Hitflip
Für mich ist der Fall klar: Hollywood sah mit Staunen den riesigen Verkaufserfolg von "Sakrileg", man hatte wohl gerade überschüssiges Budget und keine rechten Ideen zu einem neuen "Blockbuster". Wohl auch Tom Hanks langweilte sich augenscheinlich weil er so rasch zusagte. Letztendlich wurde man mit Dan Brown handelseinig - und schon gings los.

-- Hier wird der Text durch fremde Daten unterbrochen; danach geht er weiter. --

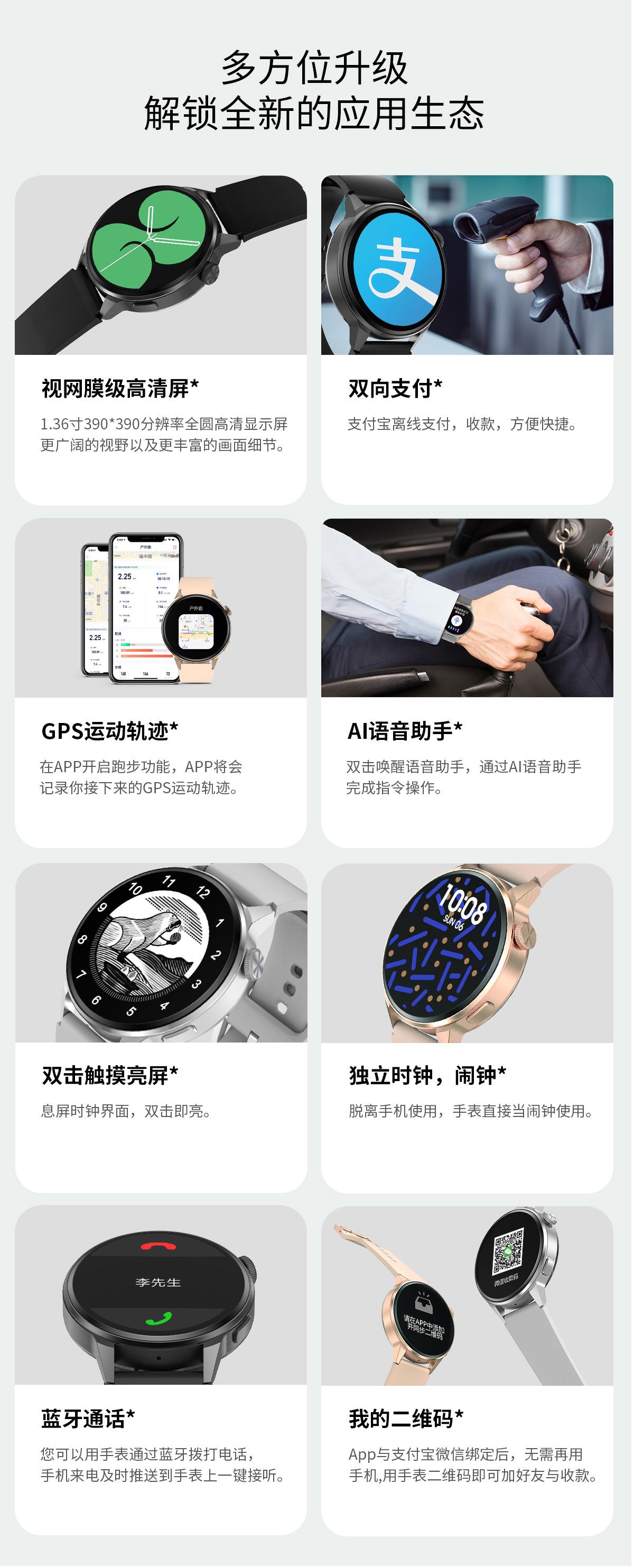 Reloj inteligente DT4+ con Bluetooth, llamadas, pagos sin conexión, monitorización del ritmo cardíaco y del sueño, mensajes, contador de pasos deportivo.
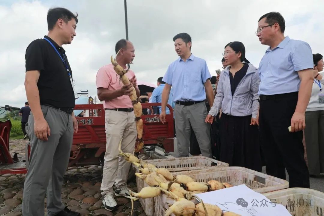 韦善用(左二)向来自全国各地水生蔬菜专技人员展示百朋玉藕。
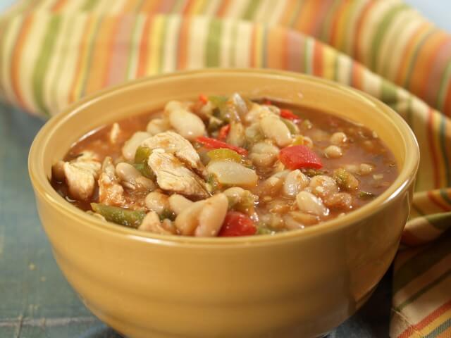 A simple, slow simmered chicken chili. The crock pot does a great job of melding the flavors. Adding salsa at the end gives it a spicy boost.

In L.A. las man einvernehmlich das Buch und schrieb nebenbei das Drehbuch ab.
Dann hievte man die ganze Crew...naja soviele waren es ja nicht, und Jean Reno war ja schon da ;-) ...nach Europa, drehte die Szenen an den Original-Schauplätzen in Rom und Paris ab, machte noch einen Ausflug nach Schottland zur Rosslyn-Kapelle und buchte flugs den Heimflug gen Westen.
Gekostet haben kann das ganze nicht wirklich viel, meiner Meinung nach kratzt das Werk sogar stark an den "Low-Budget-Filmen". Es waren keine teuren Aufbauten, keine besonderen Special-Effekts, außer einigen PC-Freak-Spielereien, keine Menschenaufläufe, keine Stunts, keine pompösen Kostüme notwendig. Die Besetzung hielt sich mit einer Hand voll Darstellern auch in Grenzen.
Jedenfalls wollte man in Hollywood auch noch am "Grals-Kuchen" mitnaschen, drum hat man in aller Eile dieses Filmchen aus dem Boden gestampft.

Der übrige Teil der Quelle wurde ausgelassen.